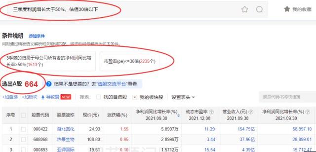 1)输入筛选条件,随意选两个指标,比如今年股票三季度利润增长大于50%,再加上估值低于30倍的股票。
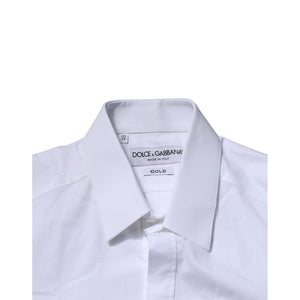 Dolce & Gabbana White Long Sleeves Dress GOLD Formal Shirt
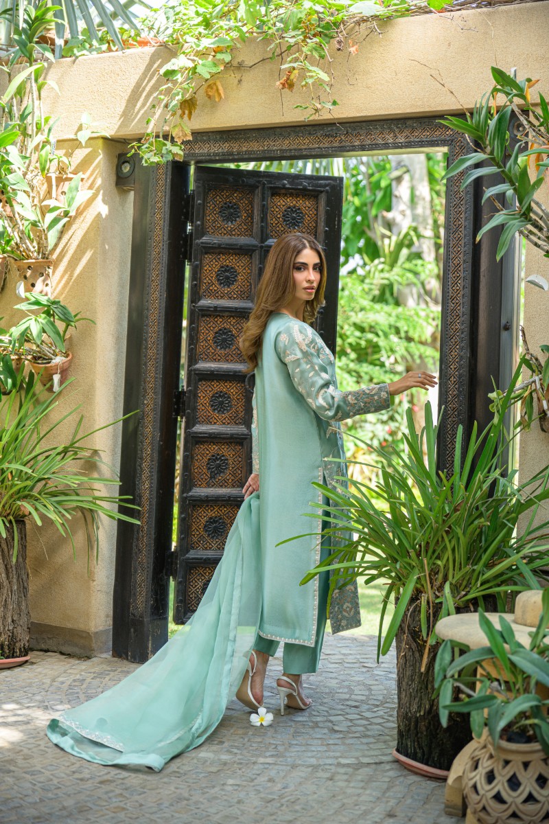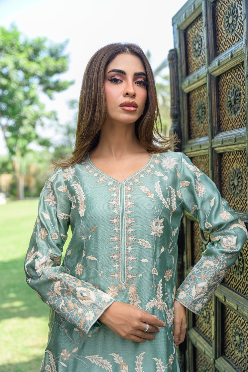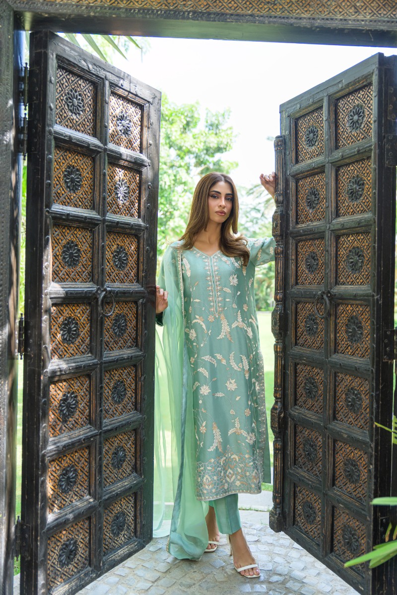 A soft, refreshing mint green brought to life with exquisite embroidery. The intricate zari work paired with subtle neutral tones creates a graceful harmony, while the organza dupatta, adorned with elegant borders on all four sides, completes the look to perfection. It’s an absolutely stunning choice for a special evening.

» Exercise brief
The listing above, line by line: print it exactly, but not its pictures.

» Output of the task
 1)输入筛选条件,随意选两个指标,比如今年股票三季度利润增长大于50%,再加上估值低于30倍的股票。
 Dolce & Gabbana White Long Sleeves Dress GOLD Formal Shirt
 A soft, refreshing mint green brought to life with exquisite embroidery. The intricate zari work paired with subtle neutral tones creates a graceful harmony, while the organza dupatta, adorned with elegant borders on all four sides, completes the look to perfection. It’s an absolutely stunning choice for a special evening.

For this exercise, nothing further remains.